In Figure 4 the red data are measured at 25±1°C and the blue data at other temperatures. Device E (an AM2302/DHT22) performs very well at 25°C, easily achieving the advertised specification. The large scatter of the blue points however show that the calibration degrades rapidly with varying temperature. As previously noted, this is my cherry-picked, best AM2302 from a sample of six. In contrast, device K (an HTU21D) seems to lie just slightly outside its specified tolerance at 25°C but has the very substantial advantage of behaving consistently over temperature. In different applications, absolute accuracy at 25°C or a small temperature dependence might be preferable. Easily the best performers though are the BME280 which are both accurate and consistent over the range tested.
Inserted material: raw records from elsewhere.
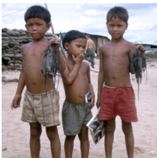
Young rat hunters do their part to provide dinner in Ấp Bắc Chan

The best-looking meat was water buffalo as it was generally roasted meat. It was a tough, coarse meat, but offered a lot of protein. I declined to eat the meat when I suspected that dog meat was presented. It may have been acceptable to Vietnamese, but it was not up to my standards. I was never got that hungry.
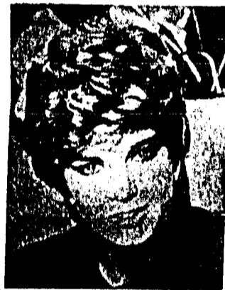
Styling of the Month from
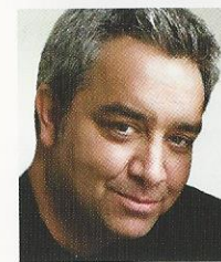
STEPHEN ADLY GUIRGIS

To show those differences in more detail I present plots for a single chemical as the temperature is systematically varied. Included are NaCl, NH4NO3 and MgCl. NaCl (RH∼75%) and MgCl (RH∼33%) conveniently span the range of commonly encountered humidity and both exhibit especially small thermal coefficients meaning the humidity should be almost independent of temperature. NH4NO3 lies between the other two (RH∼65%) and is included as a contrast because it is my one chemical with a strong intrinsic thermal coefficient. The humidity axis has been set to the same range in all three plots in order to fairly represent the relative gradients of the lines. Links are also provided to the equivalent three plots in the previous DHT22/DHT11/SHT71 comparison. Devices E, F and SHT71 are the same units there and here. They have remained fairly consistent over the six months between the two experiements.

The red square box points and red line fit are my measurements. The smaller, round data points are the published reference values.
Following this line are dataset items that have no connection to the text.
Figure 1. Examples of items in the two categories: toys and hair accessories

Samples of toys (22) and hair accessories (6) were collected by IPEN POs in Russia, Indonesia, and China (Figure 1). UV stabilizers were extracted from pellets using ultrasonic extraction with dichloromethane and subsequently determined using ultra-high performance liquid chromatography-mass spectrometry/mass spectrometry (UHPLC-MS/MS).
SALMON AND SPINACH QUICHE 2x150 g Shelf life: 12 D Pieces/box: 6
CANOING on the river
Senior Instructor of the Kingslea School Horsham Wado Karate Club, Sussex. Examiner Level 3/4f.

Plots showing thermal dependence of sensor output. Measured humidity vs. temperature.
Figure 5. Shown as red boxes and a linear fit are measurements for all sensors with saturated sodium chloride over the temperature range 5–35°C. Plotted for comparison are values taken from the published literature. Blue data are from Greenspan (1977), cyan data from O'Brien (1948), green from Rockland (1960) and yellow, Wexler (1954). The thin black line is an ensemble fit to them all, weighting all equally.
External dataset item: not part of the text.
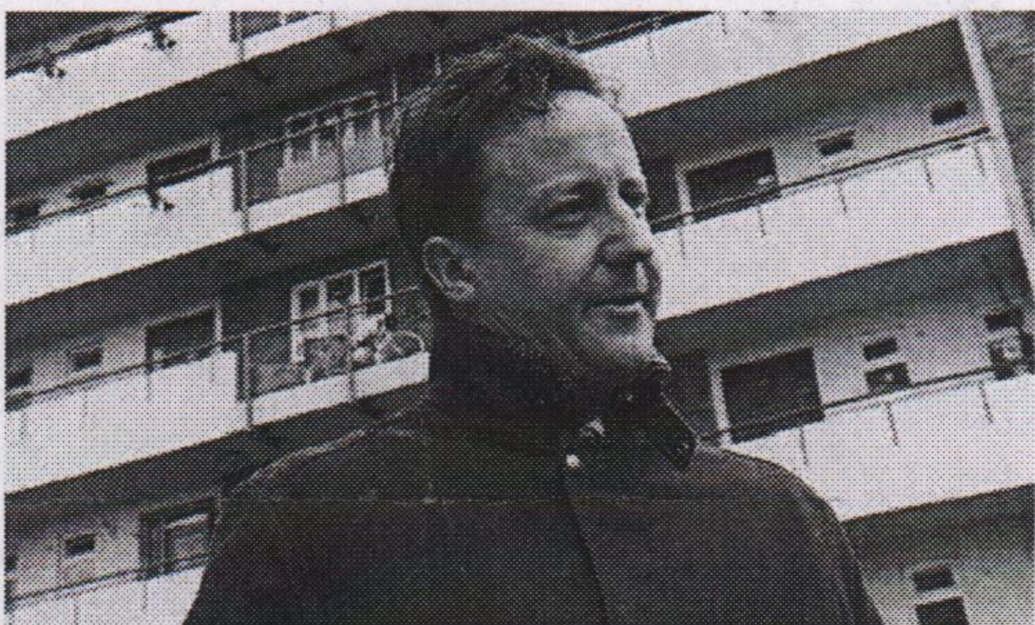
Citizen Cameron: Power to the people?

Prime Minister David Cameron recently came to Liverpool to unveil his "Big Society."

Plots showing thermal dependence of sensor output. Measured humidity vs. temperature.
Figure 6. Shown in red boxes and a linear fit line are measurements for all sensors with saturated ammonium nitrate over the temperature range 5–35°C. Plotted for comparison are values taken from the published literature. Cyan data from O'Brien (1948) and yellow from Wexler (1954). The thin black line is an equally weighted fit to both.

Plots showing thermal dependence of sensor output. Measured humidity vs. temperature.
Figure 7. Shown as red boxes and a linear fit are measurements for all sensors with saturated magnesium chloride over the temperature range 5–35°C. Plotted for comparison are values taken from the published literature. Blue data are from Greenspan (1977), cyan data from O'Brien (1948), green from Rockland (1960), magenta are the CRC Handbook (1977) and yellow, Wexler (1954). The thin black line is an ensemble fit to them all, weighting all equally.

The BME280 shows outstanding calibration throughout. For the other sensors, where the slope of my data matches the slope of the reference data (e.g., NH4NO3 panel K), that device shows good thermal compensation and simply has a constant offset. Where the slopes of the measurements and reference data differ (e.g., MgCl panel K), the device is showing varying errors as the temperature changes.

Part 3: As a Function Simultaneously of Temperature and Humidity

Finally, if a sensor is to be used to measure humidity under a range of varying temperatures a full bivariate calibration is required. Such a calibration over the temperature range 5 < °C < 35 is shown in Figure 8. The curves in Figure 4 are effectively cross sections through these surfaces.

3D surface plots representing the error as a surface in temperature-humidity space.
Figure 8a. [See Figure 8b for an interactive WebGL version of this plot. It has been moved out into a separate document since rendering nine surfaces simultaneously proved an excessive load for some web browsers.] Surfaces showing deviation of each sensor from the true relative humidity as a function of temperature and humidity. A 'perfect' sensor would be a featureless green-yellow plane at zero. Blue shows low readings and red are high. The fits in Figure 4 are cross sections through these surfaces at T=25°C.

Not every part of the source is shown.